After some remarks about the news: "Fenn, we've been giving you mau thought. You've been a good guide, a good friend, and you seem to be a man we need. Would you like to come here and let us explain?"
7
SOMETIMES HIS EARLIEST memories came back to Chuan in such strength that he lost the world around him. For that moment it was almost as if he were lying in a dreambox, body comatose, brain interacting with the program he had chosen—or as if he actually were a child again and at home. Sunlight spilled down multitudinous intense greens on the valley walls to flash off the broad brown river where a fish leaped or a crocodile basked on a sandbar, a butterfly went past in royal hues, warmth drew fragrance out of soil, blossoms, leaves ... the monsoon rain roared, silver-bright; he ran forth naked and laughin
g for joy.... It went away. He stood at the viewport in his living room. Vision swept past a garden outside, copper-leaf, scarlet ramona, blue vanadia, downhill to the roofs, domes, towers, and masts of Crommelin. A dwarfed sun was approaching the near western horizon, and in the east the pale pink sky was darkening through rose toward purple. He weighed about three-eighths of what he would have weighed on Earth. The air he breathed was temperate, no moister than health demanded, windless, and, at present, odorless.
He shook his head. A rueful smile crossed his round, amber-brown face, beneath the narrow eyes and low-bridged nose. Why at this exact moment? he wondered. Am I getting old already? Seventy-one years— thirty-eight on the calendar here—seems a bit early to start sighing for a day when everything was young.
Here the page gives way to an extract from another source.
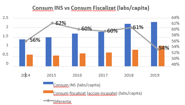 Dacă luăm în calcul faptul că nici INS nu poate să estimeze corect consumul din zona gri, concluzia este că undeva la 75% – 80% din alcool nu este fiscalizat. În anumite perioade aceasta ajungea chiar si mult peste 80%, conform estimărilor facute de asociațiile de profil din industrie.
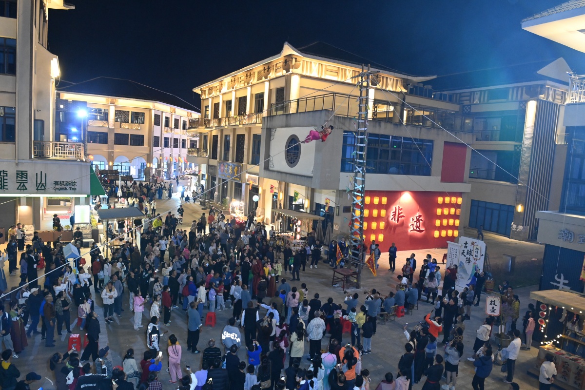 高空中,人在刀刃上漫步,地面上,仰头观看的众人目不转睛……11月29日晚,一场“刀山火海”表演活动在合浦月饼小镇非遗街区开展,吸引市民游客前来观看,街区人潮涌动。

Nor would I go back through time if I could. Chuan's glance went around the room. Its austerity was deceptive. The furnishings, though sparse, were designed for comfort. The floor lay warm and springy underfoot, aglow with rich colors. Patterns in the walls interwove and changed, slowly, beautiful to anyone who appreciated abstract art, twice lovely to him who could see the mathematics at play. And that was what mattered, not material possessions or prestige or power, but the intellect he had gained and his communions with the ultimate intellect.
The house sounded a musical note and told him, "A person requests admittance." It screened an image of her, newly come uphill through Draco Tunnel to stand before his main ascensor.